Work instructions: Starting with the first line of the records, write out each line exactly until you have included the line containing "Hirschfigur auf Steinplatte, 110 cm hoch".

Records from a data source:
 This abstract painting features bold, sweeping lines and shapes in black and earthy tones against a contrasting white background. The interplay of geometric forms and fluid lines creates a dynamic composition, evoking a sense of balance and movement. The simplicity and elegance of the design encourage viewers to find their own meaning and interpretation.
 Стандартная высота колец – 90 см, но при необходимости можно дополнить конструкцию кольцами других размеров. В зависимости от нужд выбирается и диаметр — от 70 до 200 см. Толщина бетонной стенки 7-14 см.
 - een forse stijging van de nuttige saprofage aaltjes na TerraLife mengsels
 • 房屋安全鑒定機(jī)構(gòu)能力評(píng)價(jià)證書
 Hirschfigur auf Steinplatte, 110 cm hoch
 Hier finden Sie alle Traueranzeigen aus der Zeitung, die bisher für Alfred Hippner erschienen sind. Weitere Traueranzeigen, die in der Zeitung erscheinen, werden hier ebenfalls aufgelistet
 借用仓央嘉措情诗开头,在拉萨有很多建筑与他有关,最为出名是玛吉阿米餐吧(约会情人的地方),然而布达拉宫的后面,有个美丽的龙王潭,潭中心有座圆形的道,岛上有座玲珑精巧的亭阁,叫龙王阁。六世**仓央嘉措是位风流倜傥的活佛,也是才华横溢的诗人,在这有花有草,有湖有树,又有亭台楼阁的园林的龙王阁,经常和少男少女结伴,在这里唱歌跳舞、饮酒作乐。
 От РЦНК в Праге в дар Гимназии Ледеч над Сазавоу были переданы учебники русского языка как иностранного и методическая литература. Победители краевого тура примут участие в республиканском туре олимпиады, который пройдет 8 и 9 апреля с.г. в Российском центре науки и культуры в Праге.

Exercise response:
 This abstract painting features bold, sweeping lines and shapes in black and earthy tones against a contrasting white background. The interplay of geometric forms and fluid lines creates a dynamic composition, evoking a sense of balance and movement. The simplicity and elegance of the design encourage viewers to find their own meaning and interpretation.
 Стандартная высота колец – 90 см, но при необходимости можно дополнить конструкцию кольцами других размеров. В зависимости от нужд выбирается и диаметр — от 70 до 200 см. Толщина бетонной стенки 7-14 см.
 - een forse stijging van de nuttige saprofage aaltjes na TerraLife mengsels
 • 房屋安全鑒定機(jī)構(gòu)能力評(píng)價(jià)證書
 Hirschfigur auf Steinplatte, 110 cm hoch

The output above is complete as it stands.